Architecture for merging multiple accounts and registering a user account

Question

My question is almost the same as this one

only difference is that users has an option to register (provides his username and password).Users should only have one account registered, if the user has the same email I merged those accounts. and my application has another method for logging in which is via Facebook.

What I basically do is

• When The User visits the for site for the first time, he or she then gets created a User Account where the it only has Username ,password and mail address after that third-party identity record is created and then paired with the local account.however the Users table will have an empty Username and password, but the email will be filled with the users email that we have retrieved from the third party service provider

And the Second Scenario

• Users attempts Register to the site. check if email exist if the email exist but it is registered using a third party account, Use the user populated form and insert it to the user account paired with the third party account, in short if the users email exist in the database I will just merged the locally created account and the third party account.

Now my question is my approach secure and credible? if not what is the best way to merge accounts and at the same time if the user registers with the same email(the one from the third party account) and he has a third party account, those account would be merge?

Answer 1

The way I look at this, there is only one account. One email, one account period. There might be various attributes associated with that account, like for e.g. linked to a set of OAuth credentials etc. But fundamentally there is only one account. If your user has registered once using a social account and then try to register again on your site, send them over to the social site which they used to register the first time and ask them to login there. Then log them into your site automatically.

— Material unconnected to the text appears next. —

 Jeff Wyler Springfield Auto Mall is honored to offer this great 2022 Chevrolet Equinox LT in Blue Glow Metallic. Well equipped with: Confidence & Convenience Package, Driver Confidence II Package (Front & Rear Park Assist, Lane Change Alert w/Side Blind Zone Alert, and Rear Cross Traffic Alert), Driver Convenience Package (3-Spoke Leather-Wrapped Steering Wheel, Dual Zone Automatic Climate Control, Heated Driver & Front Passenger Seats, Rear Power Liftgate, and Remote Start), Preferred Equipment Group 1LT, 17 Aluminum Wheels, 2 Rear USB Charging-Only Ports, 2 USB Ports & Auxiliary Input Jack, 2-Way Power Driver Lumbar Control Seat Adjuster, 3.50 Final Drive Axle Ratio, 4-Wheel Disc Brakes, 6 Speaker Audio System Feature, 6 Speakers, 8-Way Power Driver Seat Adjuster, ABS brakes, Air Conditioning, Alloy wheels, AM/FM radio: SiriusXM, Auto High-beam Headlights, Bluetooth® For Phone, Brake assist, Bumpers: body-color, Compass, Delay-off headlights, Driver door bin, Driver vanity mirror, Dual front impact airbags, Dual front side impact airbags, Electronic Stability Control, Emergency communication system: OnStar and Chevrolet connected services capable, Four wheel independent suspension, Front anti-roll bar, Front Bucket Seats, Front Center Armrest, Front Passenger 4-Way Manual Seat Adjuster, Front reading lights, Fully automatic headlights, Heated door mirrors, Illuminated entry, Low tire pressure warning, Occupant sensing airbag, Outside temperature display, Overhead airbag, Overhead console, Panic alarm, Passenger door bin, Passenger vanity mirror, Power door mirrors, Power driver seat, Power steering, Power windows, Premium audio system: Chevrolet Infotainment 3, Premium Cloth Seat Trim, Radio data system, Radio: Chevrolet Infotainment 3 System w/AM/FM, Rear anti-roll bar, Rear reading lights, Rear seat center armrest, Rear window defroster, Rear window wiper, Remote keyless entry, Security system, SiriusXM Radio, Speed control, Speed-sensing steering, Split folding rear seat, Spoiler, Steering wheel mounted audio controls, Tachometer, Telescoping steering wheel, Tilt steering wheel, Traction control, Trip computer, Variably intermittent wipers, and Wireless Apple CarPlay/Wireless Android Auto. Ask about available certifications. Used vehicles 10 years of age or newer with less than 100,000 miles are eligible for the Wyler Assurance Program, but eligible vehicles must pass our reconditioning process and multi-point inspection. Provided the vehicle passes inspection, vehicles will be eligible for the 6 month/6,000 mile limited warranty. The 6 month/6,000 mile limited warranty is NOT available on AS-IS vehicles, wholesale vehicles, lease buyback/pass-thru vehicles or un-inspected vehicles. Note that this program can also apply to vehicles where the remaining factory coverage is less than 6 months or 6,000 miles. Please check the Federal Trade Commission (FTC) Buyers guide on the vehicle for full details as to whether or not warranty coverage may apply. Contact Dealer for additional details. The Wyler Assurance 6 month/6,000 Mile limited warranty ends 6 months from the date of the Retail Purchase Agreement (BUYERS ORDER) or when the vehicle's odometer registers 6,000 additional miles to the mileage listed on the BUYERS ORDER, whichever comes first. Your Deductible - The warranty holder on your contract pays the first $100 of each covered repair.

If the user has an account with your site and then tries to register again with a social account, tell them that you already have an account on the site and ask them to login. IMHO, keeping separate accounts and trying to merge them is a messy idea.

Answer 2

I would provide two sets of behavior, one when logged in and one when logged out.

When logged in, you provide the ability to link to new third-party accounts. For example, you sign up with email address and password, then log in, then you can link your Facebook account. To link your Facebook account you authorize with Facebook and then store the Facebook information in that user account record.

When logged out, you must log in with existing credentials. If, when logged out, you try to create an account with an existing email address, you either prevent the log in, saying "an account with that email address already exists", or you immediately challenge the user to log in to merge the account (in which case it works like the logged in case when linking an external account, only with the order of authentication operations reversed).

In case it's not clear from the above, I recommend having a single user account and a way to record linkages between that account and external accounts. You can do this in NoSQL buy just adding fields to the user document or you can do this relationally by having a table representing external accounts with a foreign key linking them to the user ID.